Member of the Iowa House of Representatives from the 80th district
- In office January 14, 1929 – January 11, 1931

Personal details
- Born: October 19, 1865 Stockaryd, Sweden
- Died: December 5, 1941 (aged 76) Akron, Iowa, U.S.
- Party: Republican
- Spouse: Betsey Johnson ​(m. 1890)​
- Alma mater: University of South Dakota
- Occupation: Politician, farmer, businessman

= Frank J. Swanson =

American politician (1865–1941)

Frank J. Swanson (October 19, 1865 - December 5, 1941) was an American farmer, businessman, and politician.

Born in Stockaryd Jönköping County, Sweden, Swanson emigrated with parents to the United States and stayed in Chicago, Illinois for nine months.
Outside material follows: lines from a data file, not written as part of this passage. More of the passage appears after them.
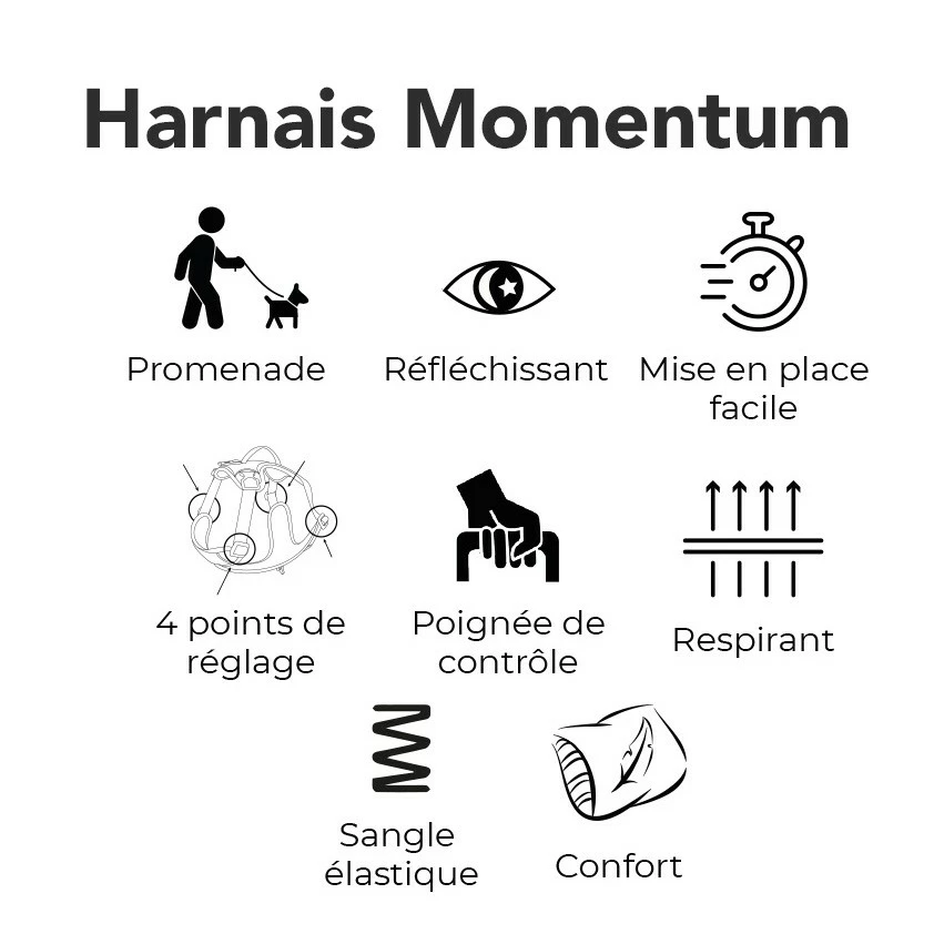Choisisez le harnais de promenade et d’activités plein air Momentum de Kyflie pour partagez des moments de complicité avec votre chien de façon sécurisée, pratique et confortable ! Multifonction, il sera votre meilleur allié !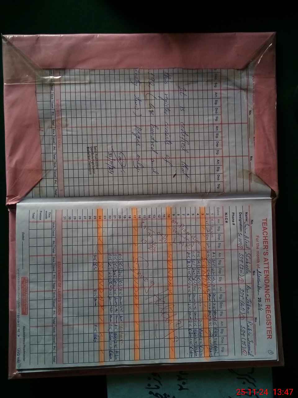 | CNIC | Full Name | Designation | R/C | Absence During Last Calender Month |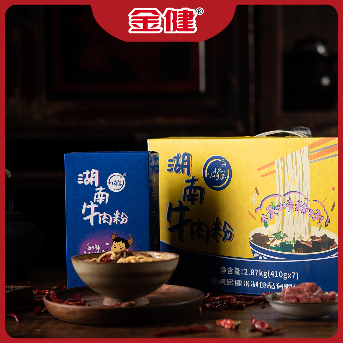 Джинджян маленькая корзина с задними корзинами Чангде порошок говядины 410G*7 подарочных коробок в Hunan Specialties Changde Грубая рисовая лапша Гилин Цзянси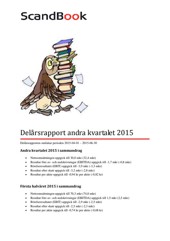 Delårsrapporten omfattar perioden 2015-04-01 – 2015-06-30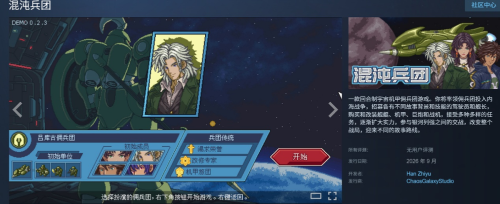 以“混沌银河”系列为例,这个系列有一批非常忠实的海外玩家,他们喜欢的是类《超级机器人大战》的回合制战斗玩法,独特世界观下的剧情,太空机甲要素。韩之昱正在开发的新作《混沌兵团》,却没有再做大战略,而是在保留回合制战斗的基础上,强化了资源管理做半开放的线性关卡。但新作仍然置于“混沌银河”的世界观中,虽然和前作玩法不同,大部分设定和美术都和前作一致。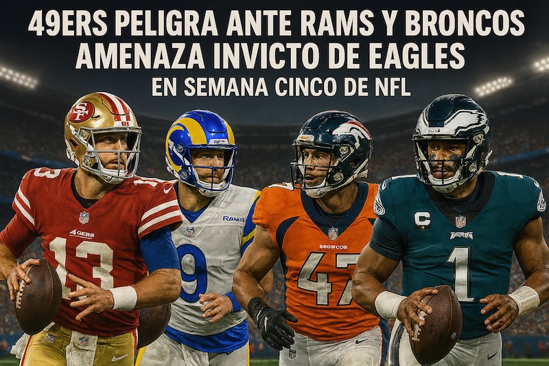 La semana cinco de la temporada 2025 de la NFL arranca este jueves 2 de octubre con un atractivo duelo divisional entre los San Francisco 49ers y Los Angeles Rams, en el SoFi Stadium, donde los californianos podrían perder el liderato del Oeste de la Conferencia Nacional (NFC).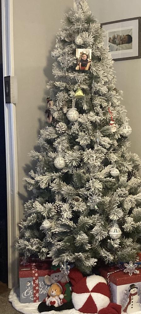 Skip the trip to a tree lot this year and anchor your holiday decorations with this 7ft. Pre-Lit Artificial Frosted Percy Spruce Christmas Tree. Just as festive as a live tree, this piece is made with metal-hinged branches that are covered with 523 frosted tips to recreate the look of a natural tree. This Christmas Tree is pre-strung with 400 clear incandescent lights. Features a full shape broken up into assembly sections to make storage easy. It also arrives with an included metal stand, so all you need to do is add a tree skirt, your favorite ornaments.

Swanson and his family settled on a farm in Union County, Dakota Territory. He studied at the University of South Dakota and then helped managed his father's farm. In 1901, Swanson moved to Akron, Iowa, where he was in the real estate business. Swanson was also in the banking, furniture and hardware business. He also owned a funeral home in Akron. He was also general manager of the Farmers' Grain Company in Akron. From 1918 to 1923, Swanson served on the Akron City Council. From 1929 to 1931, Swanson served in the Iowa House of Representatives. Swanson died in his home in Akron of a heart ailment.